• [Task instructions] A verbatim repetition of the data below is requested, without images.

--------------------

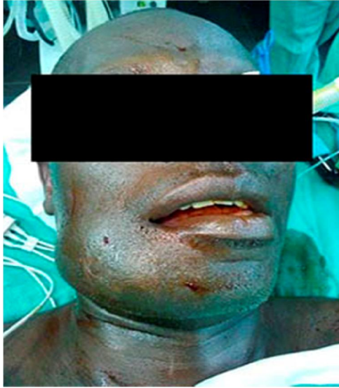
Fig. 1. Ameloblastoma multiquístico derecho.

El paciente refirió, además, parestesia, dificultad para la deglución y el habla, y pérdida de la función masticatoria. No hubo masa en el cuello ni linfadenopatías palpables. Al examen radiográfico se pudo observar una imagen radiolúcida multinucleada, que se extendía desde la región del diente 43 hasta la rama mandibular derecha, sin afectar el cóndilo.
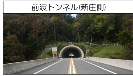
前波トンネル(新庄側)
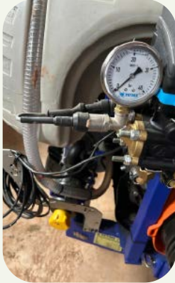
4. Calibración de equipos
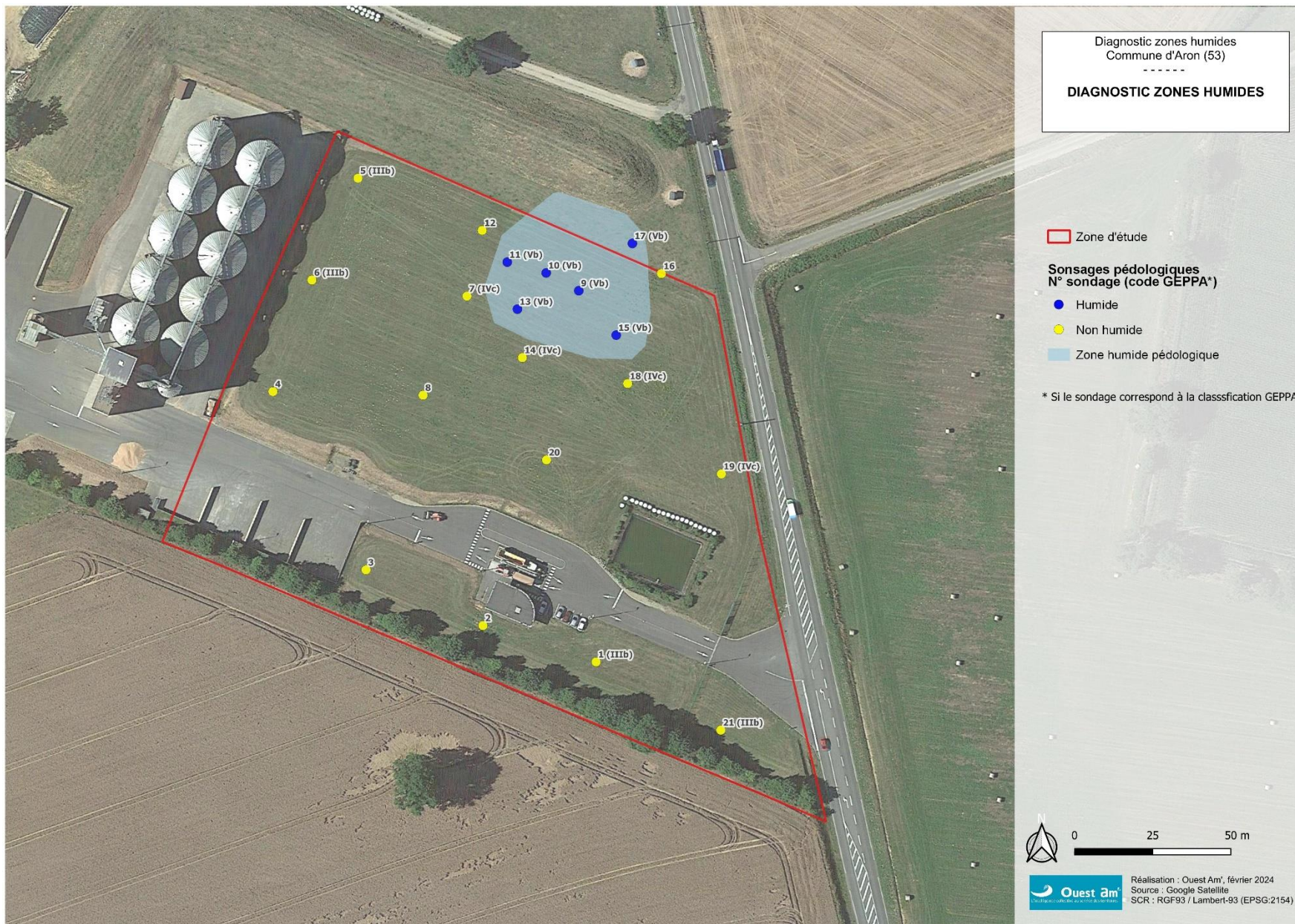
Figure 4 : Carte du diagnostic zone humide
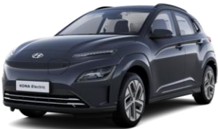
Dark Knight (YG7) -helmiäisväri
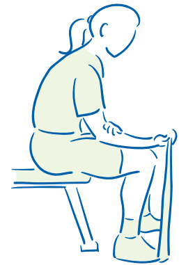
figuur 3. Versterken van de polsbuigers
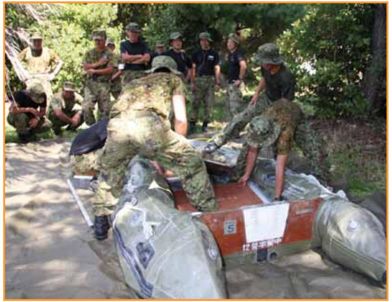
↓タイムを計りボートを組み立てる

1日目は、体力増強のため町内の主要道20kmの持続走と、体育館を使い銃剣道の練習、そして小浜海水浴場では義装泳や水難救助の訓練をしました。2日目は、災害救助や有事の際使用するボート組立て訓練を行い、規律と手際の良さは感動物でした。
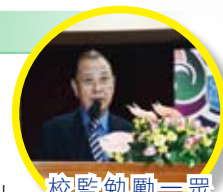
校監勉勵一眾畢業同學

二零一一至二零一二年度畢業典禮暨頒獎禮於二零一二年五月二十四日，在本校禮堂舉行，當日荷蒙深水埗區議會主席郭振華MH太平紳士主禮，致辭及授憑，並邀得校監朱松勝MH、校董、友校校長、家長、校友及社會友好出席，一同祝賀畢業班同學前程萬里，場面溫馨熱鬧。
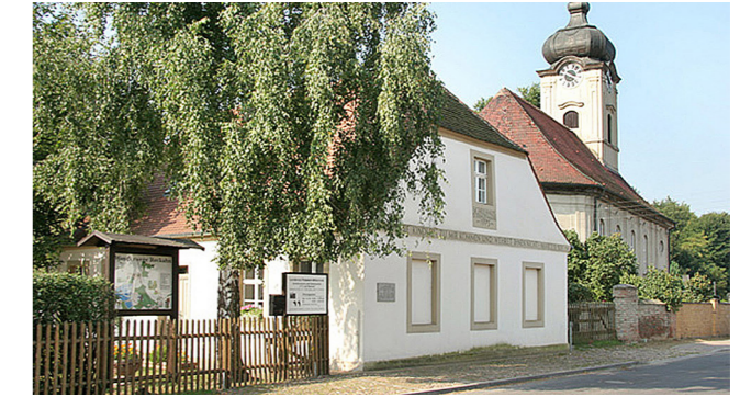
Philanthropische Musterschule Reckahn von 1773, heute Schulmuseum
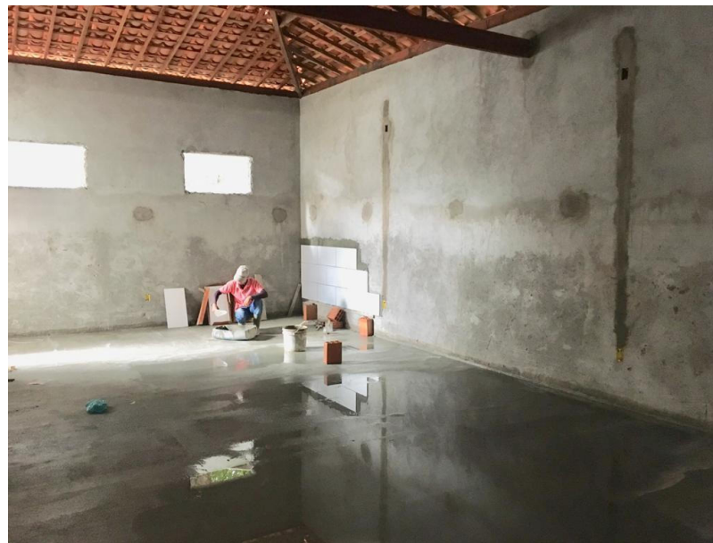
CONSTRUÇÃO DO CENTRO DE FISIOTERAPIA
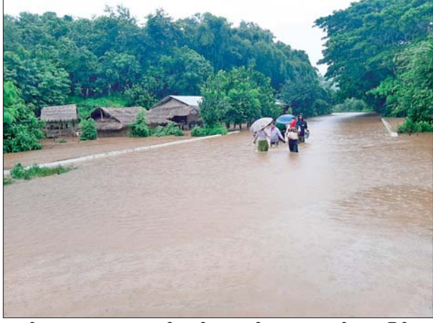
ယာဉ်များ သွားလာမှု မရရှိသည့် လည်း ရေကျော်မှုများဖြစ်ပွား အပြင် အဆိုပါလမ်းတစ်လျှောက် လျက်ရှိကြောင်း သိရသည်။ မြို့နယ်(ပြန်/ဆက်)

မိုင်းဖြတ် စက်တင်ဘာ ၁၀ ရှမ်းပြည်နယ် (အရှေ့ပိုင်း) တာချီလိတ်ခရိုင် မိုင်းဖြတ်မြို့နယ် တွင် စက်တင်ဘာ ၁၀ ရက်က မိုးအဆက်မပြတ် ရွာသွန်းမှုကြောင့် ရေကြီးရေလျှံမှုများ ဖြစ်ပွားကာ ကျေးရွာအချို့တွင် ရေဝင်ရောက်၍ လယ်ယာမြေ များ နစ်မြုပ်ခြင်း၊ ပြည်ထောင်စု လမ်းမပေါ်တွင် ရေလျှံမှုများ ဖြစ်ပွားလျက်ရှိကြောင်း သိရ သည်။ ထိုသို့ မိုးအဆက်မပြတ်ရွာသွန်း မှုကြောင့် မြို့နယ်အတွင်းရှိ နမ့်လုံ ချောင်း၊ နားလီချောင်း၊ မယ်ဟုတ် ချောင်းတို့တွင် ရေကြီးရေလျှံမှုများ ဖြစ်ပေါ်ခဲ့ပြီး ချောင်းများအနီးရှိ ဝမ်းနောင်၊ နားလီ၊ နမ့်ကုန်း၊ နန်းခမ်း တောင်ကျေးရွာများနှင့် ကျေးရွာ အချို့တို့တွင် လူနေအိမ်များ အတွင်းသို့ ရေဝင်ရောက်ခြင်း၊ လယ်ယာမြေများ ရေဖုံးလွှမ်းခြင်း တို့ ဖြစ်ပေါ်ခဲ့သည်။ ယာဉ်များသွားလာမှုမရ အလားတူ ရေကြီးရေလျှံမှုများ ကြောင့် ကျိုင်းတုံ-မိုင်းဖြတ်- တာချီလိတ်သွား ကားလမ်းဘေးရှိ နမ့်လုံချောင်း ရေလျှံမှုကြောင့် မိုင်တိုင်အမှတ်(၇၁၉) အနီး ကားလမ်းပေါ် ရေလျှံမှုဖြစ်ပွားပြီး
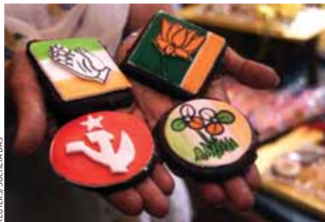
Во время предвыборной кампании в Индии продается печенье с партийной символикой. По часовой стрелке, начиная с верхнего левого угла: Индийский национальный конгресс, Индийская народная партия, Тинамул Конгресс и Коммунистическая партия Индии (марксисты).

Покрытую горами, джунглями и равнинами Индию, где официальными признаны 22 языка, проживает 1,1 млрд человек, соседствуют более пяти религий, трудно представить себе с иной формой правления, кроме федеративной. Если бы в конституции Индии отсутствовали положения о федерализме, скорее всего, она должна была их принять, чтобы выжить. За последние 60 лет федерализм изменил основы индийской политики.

--------------------

• [Exercise answer]
Fig. 1. Ameloblastoma multiquístico derecho.

El paciente refirió, además, parestesia, dificultad para la deglución y el habla, y pérdida de la función masticatoria. No hubo masa en el cuello ni linfadenopatías palpables. Al examen radiográfico se pudo observar una imagen radiolúcida multinucleada, que se extendía desde la región del diente 43 hasta la rama mandibular derecha, sin afectar el cóndilo.
前波トンネル(新庄側)
4. Calibración de equipos
Figure 4 : Carte du diagnostic zone humide
Dark Knight (YG7) -helmiäisväri
figuur 3. Versterken van de polsbuigers
↓タイムを計りボートを組み立てる

1日目は、体力増強のため町内の主要道20kmの持続走と、体育館を使い銃剣道の練習、そして小浜海水浴場では義装泳や水難救助の訓練をしました。2日目は、災害救助や有事の際使用するボート組立て訓練を行い、規律と手際の良さは感動物でした。
校監勉勵一眾畢業同學

二零一一至二零一二年度畢業典禮暨頒獎禮於二零一二年五月二十四日，在本校禮堂舉行，當日荷蒙深水埗區議會主席郭振華MH太平紳士主禮，致辭及授憑，並邀得校監朱松勝MH、校董、友校校長、家長、校友及社會友好出席，一同祝賀畢業班同學前程萬里，場面溫馨熱鬧。
Philanthropische Musterschule Reckahn von 1773, heute Schulmuseum
CONSTRUÇÃO DO CENTRO DE FISIOTERAPIA
ယာဉ်များ သွားလာမှု မရရှိသည့် လည်း ရေကျော်မှုများဖြစ်ပွား အပြင် အဆိုပါလမ်းတစ်လျှောက် လျက်ရှိကြောင်း သိရသည်။ မြို့နယ်(ပြန်/ဆက်)

မိုင်းဖြတ် စက်တင်ဘာ ၁၀ ရှမ်းပြည်နယ် (အရှေ့ပိုင်း) တာချီလိတ်ခရိုင် မိုင်းဖြတ်မြို့နယ် တွင် စက်တင်ဘာ ၁၀ ရက်က မိုးအဆက်မပြတ် ရွာသွန်းမှုကြောင့် ရေကြီးရေလျှံမှုများ ဖြစ်ပွားကာ ကျေးရွာအချို့တွင် ရေဝင်ရောက်၍ လယ်ယာမြေ များ နစ်မြုပ်ခြင်း၊ ပြည်ထောင်စု လမ်းမပေါ်တွင် ရေလျှံမှုများ ဖြစ်ပွားလျက်ရှိကြောင်း သိရ သည်။ ထိုသို့ မိုးအဆက်မပြတ်ရွာသွန်း မှုကြောင့် မြို့နယ်အတွင်းရှိ နမ့်လုံ ချောင်း၊ နားလီချောင်း၊ မယ်ဟုတ် ချောင်းတို့တွင် ရေကြီးရေလျှံမှုများ ဖြစ်ပေါ်ခဲ့ပြီး ချောင်းများအနီးရှိ ဝမ်းနောင်၊ နားလီ၊ နမ့်ကုန်း၊ နန်းခမ်း တောင်ကျေးရွာများနှင့် ကျေးရွာ အချို့တို့တွင် လူနေအိမ်များ အတွင်းသို့ ရေဝင်ရောက်ခြင်း၊ လယ်ယာမြေများ ရေဖုံးလွှမ်းခြင်း တို့ ဖြစ်ပေါ်ခဲ့သည်။ ယာဉ်များသွားလာမှုမရ အလားတူ ရေကြီးရေလျှံမှုများ ကြောင့် ကျိုင်းတုံ-မိုင်းဖြတ်- တာချီလိတ်သွား ကားလမ်းဘေးရှိ နမ့်လုံချောင်း ရေလျှံမှုကြောင့် မိုင်တိုင်အမှတ်(၇၁၉) အနီး ကားလမ်းပေါ် ရေလျှံမှုဖြစ်ပွားပြီး
Во время предвыборной кампании в Индии продается печенье с партийной символикой. По часовой стрелке, начиная с верхнего левого угла: Индийский национальный конгресс, Индийская народная партия, Тинамул Конгресс и Коммунистическая партия Индии (марксисты).

Покрытую горами, джунглями и равнинами Индию, где официальными признаны 22 языка, проживает 1,1 млрд человек, соседствуют более пяти религий, трудно представить себе с иной формой правления, кроме федеративной. Если бы в конституции Индии отсутствовали положения о федерализме, скорее всего, она должна была их принять, чтобы выжить. За последние 60 лет федерализм изменил основы индийской политики.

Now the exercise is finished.